In June 2013, Edward Snowden defected from America to Hong Kong and disclosed the U.S. government’s “PRISM” surveillance program for monitoring telephone communications and Internet activities of U.S. citizens and foreigners. This news shocked the world.

The current “PRISM” program begins and ends at preventing and stopping terrorism in the U.S. Snowden’s praise of China’s human rights feigns ignorance. Snowden, a former employee of a service contractor for the U.S. Central Intelligence Agency (CIA), is a 29-year-old high school dropout.

It’s doubtful that he understands world affairs or knows the meaning of freedom and human rights. In fact, the statements Snowden made publicly in Hong Kong display his ignorance. Snowden said the reason he chose Hong Kong was that he had confidence in the rule of law in Hong Kong and admired China’s human rights situation.

This argument is so naive that any Hong Kong resident would think it’s laughable! In the end, Snowden was forced to leave Hong Kong and travel to Russia. He did not get the protection of Hong Kong’s law in which he had so much “confidence,” nor did he experience the Chinese human rights he so “trusted.”

His father is urging him not to betray his country. In a speech on national television, he warned his son not to further divulge national secrets and to not betray his country; he’s advised Snowden to return to face trial.

No matter whether China was involved in plotting Snowden’s attempted defection or not, it served as advantageous to the Chinese Communist Party (CCP). During the period of his uncertain future in Hong Kong, Snowden was very likely under the watchful eye of China.
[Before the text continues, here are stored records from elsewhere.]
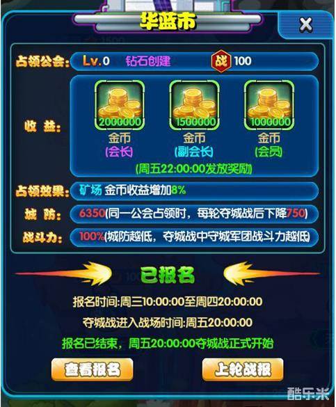 我们都知道,地图上的占领效果都会因为所占领的城池不同而获得不同的资源。占领华蓝市之后,会长会在每周五获得2000000个金币,副会长获得1500000个金币,会员也会得到1000000个金币。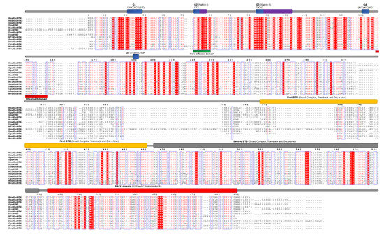 Sequence alignment of the RhoBTB subfamily. The amino acid sequences of RhoBTB GTPases were aligned using ClustalX, the secondary structures predicted using ESPript. Regions of the Rho proteins are indicated above the alignment; blue are the G domains, (G1, G2, G3, G4, and G5 with their respected motifs), purple are switch 1 and switch 2 domains, orange the first BTB domain, gray the second BTB domain, and red represents the C-terminus back domain. Blue frames are indicators of the conserved residues; white letters in red boxes represent identity, red letters in white boxes represent similarity.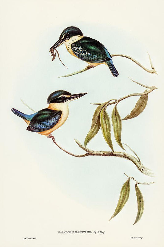 Sacred Halcyon-Halcyon sanctus White Modern Wood Framed Art Print with Double Matting by Gould, John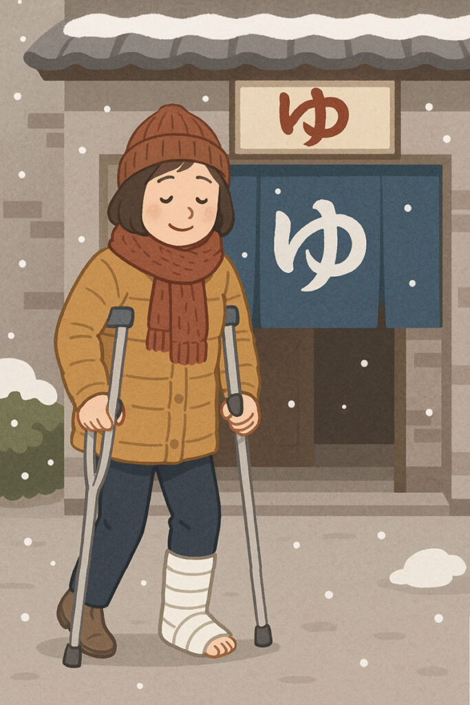 10分ほど浸かっただけで、こわばっていた足首がふっと軽くなるのを感じた。湯上がりには血の巡りが良くなったのか、松葉杖をつく手まで温かい。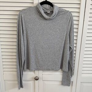 ULTRALITE Go-Dry grey cropped tee with thumb holes. Light gray knit fabric. Ribbed neckline detail. Lightweight and breathable casual top, extremely soft and comfortable.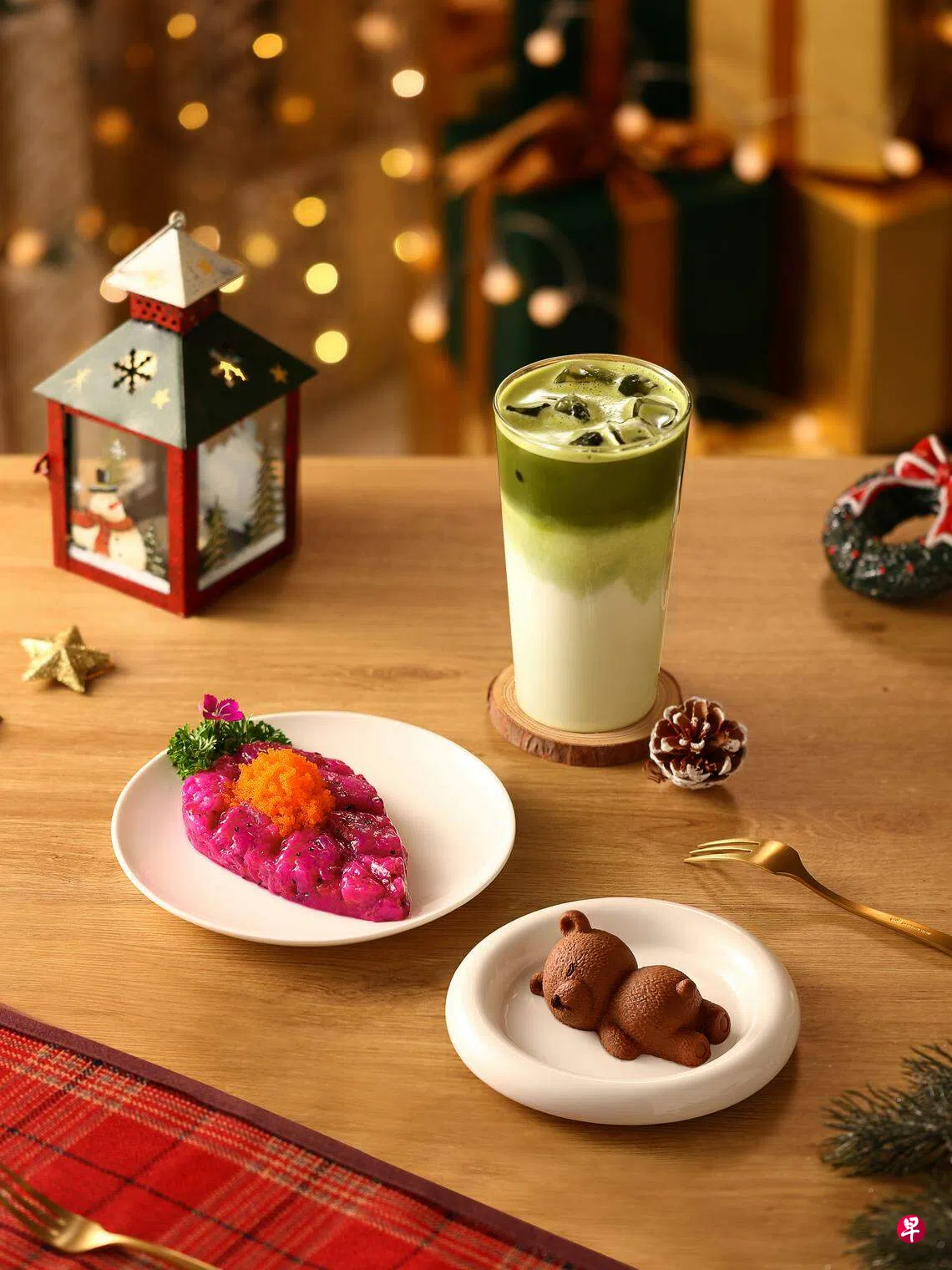 圣诞主题限量周边产品很吸睛,包括发箍、零钱包、雪中送福景观杯、圣诞袜、手提包、杯垫套装、眼罩礼盒和餐具套装等。周边产品可单独购买,下单圣诞套餐也可获得。

The authorities in Beijing would have sent someone to obtain information from him.

On June 21, the U.S. Justice Department requested the Hong Kong authorities to extradite Snowden on the grounds of espionage, theft, and transfer of government property.

Letting Snowden go from Hong Kong on June 23 indicates that the CCP doesn’t mind damaging current Sino-US relationships. After gathering what intelligence Snowden had to offer, they dumped him as a burden onto a third country.
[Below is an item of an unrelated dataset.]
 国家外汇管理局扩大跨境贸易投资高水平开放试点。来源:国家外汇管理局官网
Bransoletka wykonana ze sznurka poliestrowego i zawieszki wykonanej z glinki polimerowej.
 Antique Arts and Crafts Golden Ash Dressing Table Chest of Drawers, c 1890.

A Chinese Snowden could be 10 times worse

Netizens predict that the Snowden defection will encourage more Chinese people to defect. The CCP will be keeping a close watch on its Internet monitoring staff, particularly those in key positions.

The CCP is accused of committing Internet hacking, theft of other country’s commercial and military secrets, and intellectual property infringement. In addition, the Chinese government openly censors the Internet, deprives its citizens the right to information, monitors online communications, and punishes dissidents based on their words alone.

Just imagine if someone fled from that system and exposed Chinese Internet monitoring secrets and the inner workings behind China’s Internet hacking attacks. It would certainly cause an uproar 10 or even 100 times bigger than Snowden’s.